The president called Dettelbach qualified and insisted he would be ready to lead on day one, highlighting the former prosecutor’s extensive experience working with law enforcement. If experience in – or, at least, tangential to – law enforcement is the only consideration, he’s certainly qualified. But unfortunately for the would-be lawyer-turned-cop, there’s a bit more to it.
That Activist Millstone

(Photo by Drew Angerer/Getty Images)
President Biden’s first nominee to lead the ATF, David Chipman, had been an agent at the bureau himself – but he had also been a vocal activist, working with a bevy of gun control groups and airing his anti-Second Amendment views in the public eye for years. Ultimately, that advocacy proved a millstone around his neck, sinking his chance at leading the agency before his confirmation could even come to a vote.
Dettelbach may not boast quite the gun-grabber resumé Chipman has, but he wears that activist millstone all the same. In 2018, Biden’s newest nominee was the Democratic Party’s pick for Ohio’s attorney general, though the people of Ohio rejected him in favor of the more pro-gun Republican, Dave Yost. Dettelbach was endorsed then – as he is now – by anti-gun billionaire Michael Bloomberg’s ironically named answer to the NRA, Everytown for Gun Safety, one of many groups Chipman worked with while lobbying for strict gun control. In the 2018 campaign, Dettelbach advocated for universal background checks and a new assault weapons ban.

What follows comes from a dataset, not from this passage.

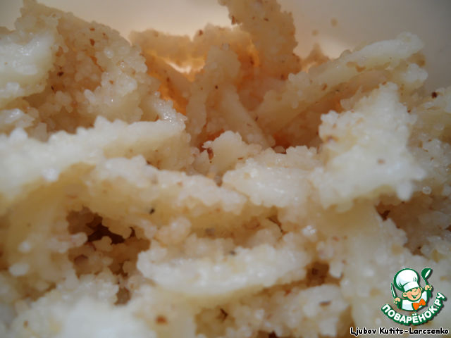 Перемешиваем осторожно. Вот всё, в принципе, можно уже есть. Если оставите в закрытой кастрюльке, то она разбухнет и не будет похрустывать потом. Манка немного напоминает что-то, только не знаю что... и орехи - не орехи, и сухари - не сухари... В общем, необычно и вкусно, на мой взгляд.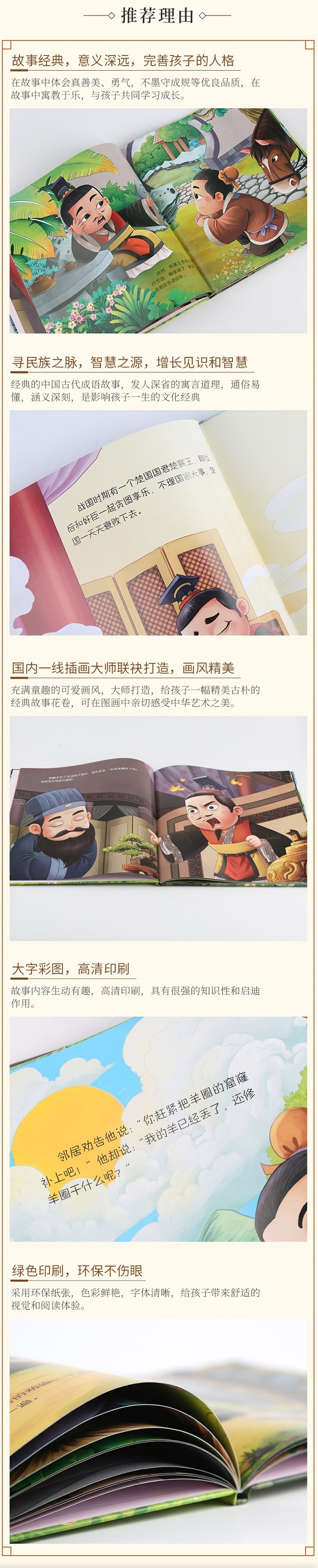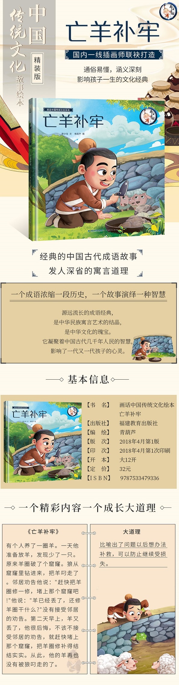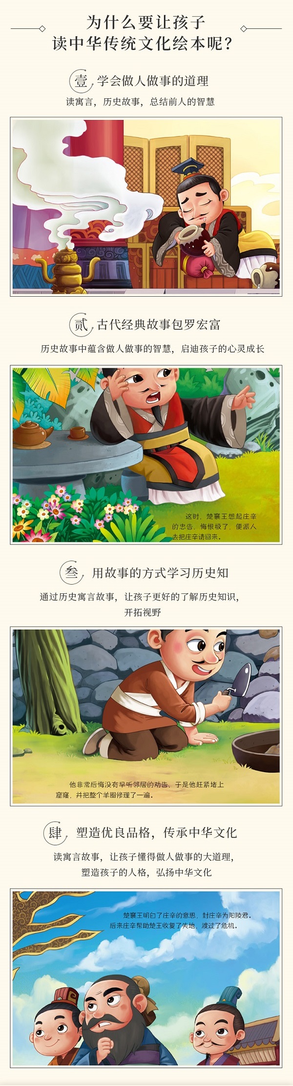 本套丛书选取十个中国经典的成语故事,由*一线插画师联袂打造,展现给读者一幅幅精美古朴的经典故事画卷,有着浓浓的中华艺术之美。 《画话中国传统文化绘本》设计采用12开的大开本大字,跨版超大图,绝美的中国风插画 ,能够产生强烈的视觉冲击效果,这套浸润心灵的中国传统文化经典 适合小学生的课外读

After Biden’s introduction Monday, the lawyer took the podium to praise the ATF as well as the Biden administration’s dedication to putting an end to homemade firearms, more commonly known as “ghost guns.” It’s clear that, as the president said, Dettelbach is ready to lead the bureau on day one – and that, if confirmed, he’ll be the new face of Biden’s war on guns.
But, of course, he wears that millstone – and in the age of the internet, there’s no taking it off long enough to be confirmed. While the president calls his new nominee a “non-controversial” candidate, the likelihood of any Republican support in the Senate seems slim to none. While most Democrats and independents are, at least to some degree, in favor of disarming the people, Dettelbach’s calls for an assault weapons ban and universal background checks will likely be a problem for Sens. Jon Tester (D-MT), Angus King (I-ME), and Joe Manchin (D-WV), all of whom have voted against or, at least, spoken out against both measures in the past. Dettelbach may be less controversial than Chipman, but his way may well be blocked by the same three senators.